The game has a clear retro feel to it, with a ton of homages to classic games. Players can take up to five hits before they die, and will need to restart the area they currently on. The barbarian may be small, but the challenge is HUGE. When completing the third campaign I died over 200 times. Gamers who are seeking a challenge have been very fortunate lately with Cuphead, Earth Atlantis and now Tiny Barbarian DX releasing in such a short period of time. Tiny Barbarian DX at times feels a bit unfair with its’ high skill ceiling. Some areas are huge and may take some players up to thirty minutes to complete if the player dies often. Despite that, because of that challenge, it feels incredibly rewarding to finally complete the area and move on. Tiny Barbarian DX makes me feel a wide range of emotions. One minute I’m inventing new swear words, and the next I’m on the verge of crying because of how relieved I am.
The game handles extremely well. There are only two buttons — jump and attack. This means the game is fully playable on one Joy-Con as well. The lack of a real D-Pad on the Switch is a real bummer. I ended up relying on the directional buttons when playing single player. For multiplayer, players must use the joystick, which is unfortunate as the game becomes slightly more difficult to control. Players can enable auto-grab in the controls menu. For casual players, this is strongly recommended as it will enhance their experience. I won’t lie that there’s something cathartic about pressing “up” to grab every ledge. Quick warning: In the third episode, there are some areas where it’s beneficial to have auto-grab turned off. Luckily it can be turned on and off within the game itself. Fighting with the barbarian feels so good. There’s only one button for attacking, but pressing it rapidly will create a short combo depending on what direction is being held. It feels incredibly satisfying dodging a huge boss and delivering a couple of quick swipes to them.
The two player co-op system is fantastic. Players can instantly drop in and out of play whenever they want. If they drop in during the middle of a screen, the first player will lose half of their health. If they start on the same screen together, both players will have full health but I believe the challenge is increased. I played through the entire second campaign with co-op, and it was a fantastic experience.

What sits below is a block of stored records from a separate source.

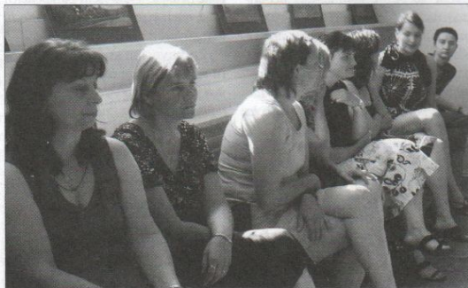
Po rozdání certifikátů byl prostor pro neformální besedu.
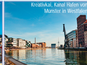
Kreativkai, Kanal Hafen von Münster in Westfalen
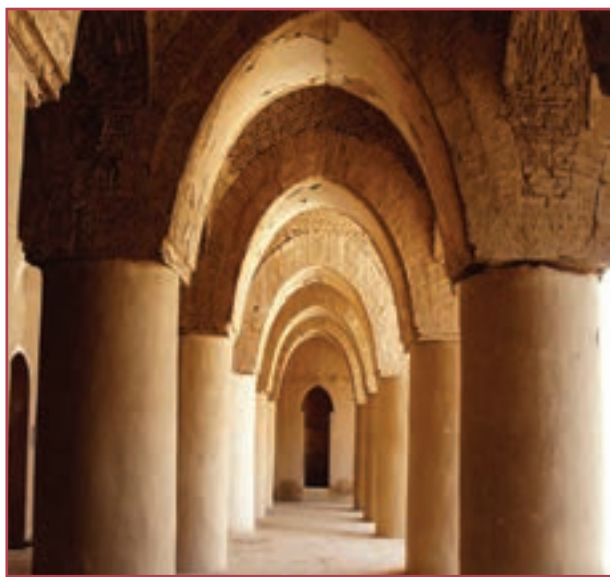
مسجد تاریخانه دامغان از کهن‌ترین مساجد ایران

گروندگان به اسلام ایجاد کرد؛ تحقیر مسلمانان غیرعرب، محرومیت آنان از پاره‌ای حقوق اجتماعی و گرفتن جزیه از نو مسلمانان ۱ ، نمونه‌ای از آن رفتارهاست. البته ایرانیان هیچگاه این رفتارهای غیرانسانی و غیراسلامی را به حساب اسلام نگذاشتند. در زمان خلافت عباسیان و به‌خصوص در عصر حکومت‌های ایرانی، گرایش به دین اسلام در ایران شتاب گرفت و سرانجام اکثریت ایرانیان مسلمان شدند.

The game does an excellent job of introducing new and interesting twists. Tiny Barbarian DX has constantly surprised me with just how far they’ve pushed some of these gameplay mechanics. Usually, mechanics are introduced on a quick screen and then mastered on a larger playing field. In one campaign, there will be over 7 unique mechanics with each “area” of the map having at least 1 or 2. New enemies are regularly introduced as well and having played through three full campaigns, I didn’t ever feel bored. The game has rideable animals, 3D platforming, mazes, monkeys that throw rocks at the players and so much more. The game has often made me smile. What’s more is that each campaign plays out differently. The developer understood the players’ expectations and played with them. The second campaign, in particular, I was very surprised with how it played out.
The bosses in the game are all very unique. There have only been one or two bosses that I was initially confused on how to beat, but through trial and error, I was able to figure out how to deal damage to them. The bosses feel massive, especially when matched up with the little barbarian. Each campaign will have over 4 bosses, and they all feel unique and very fun to fight.

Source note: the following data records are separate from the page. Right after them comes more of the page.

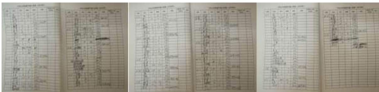
图II-1 入库登记单组图
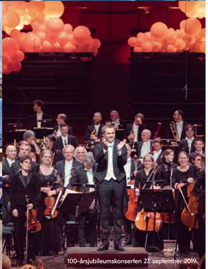
100-årsjubileumskonserten 27. september 2019.
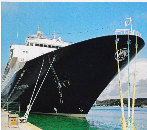
Le Bleu de France, joyau à taille «humaine», qui propose mille activités: piscines, jacuzzi, fitness, spa, etc.
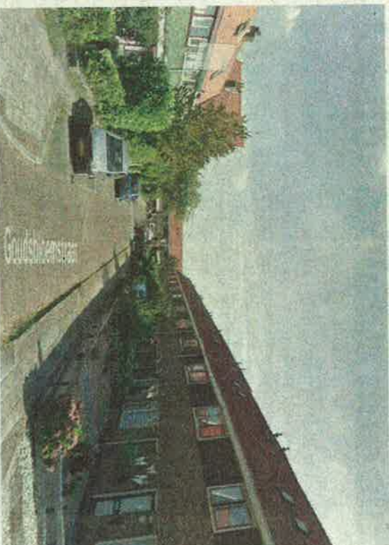
▲ De Goudbloemstraat, toneel van een burenruzie.

If players want an additional challenge, there are diamonds to collect in every campaign. The diamonds are well hidden in blocks, and usually, require additional effort by the player to collect. This does create some replay value for the game. The game does keep track of player’s score and time. I would love to see some intense speed runs of this game as Tiny Barbarian is a very easy game to pick up, but difficult to master.
There is also an endless horde mode that automatically starts when players boot up the game. It’s a great way to test out and learn the controls before jumping into the campaign, so I’d strongly suggest new players start with the horde mode.
Tiny Barbarian DX looks great. The background and foreground is composed of multiple layers, which makes it a real treat to look at and play. The graphics for the game are exactly where they need to be. Everything is easily identifiable and generally follows a predictable pattern as long as players have the patience for it.
The music is also wonderfully crafted. I’ve been playing a track from the third campaign during this video, but there are plenty of unique tracks. None of the sounds get annoying in the game, and everything feels so lovingly crafted.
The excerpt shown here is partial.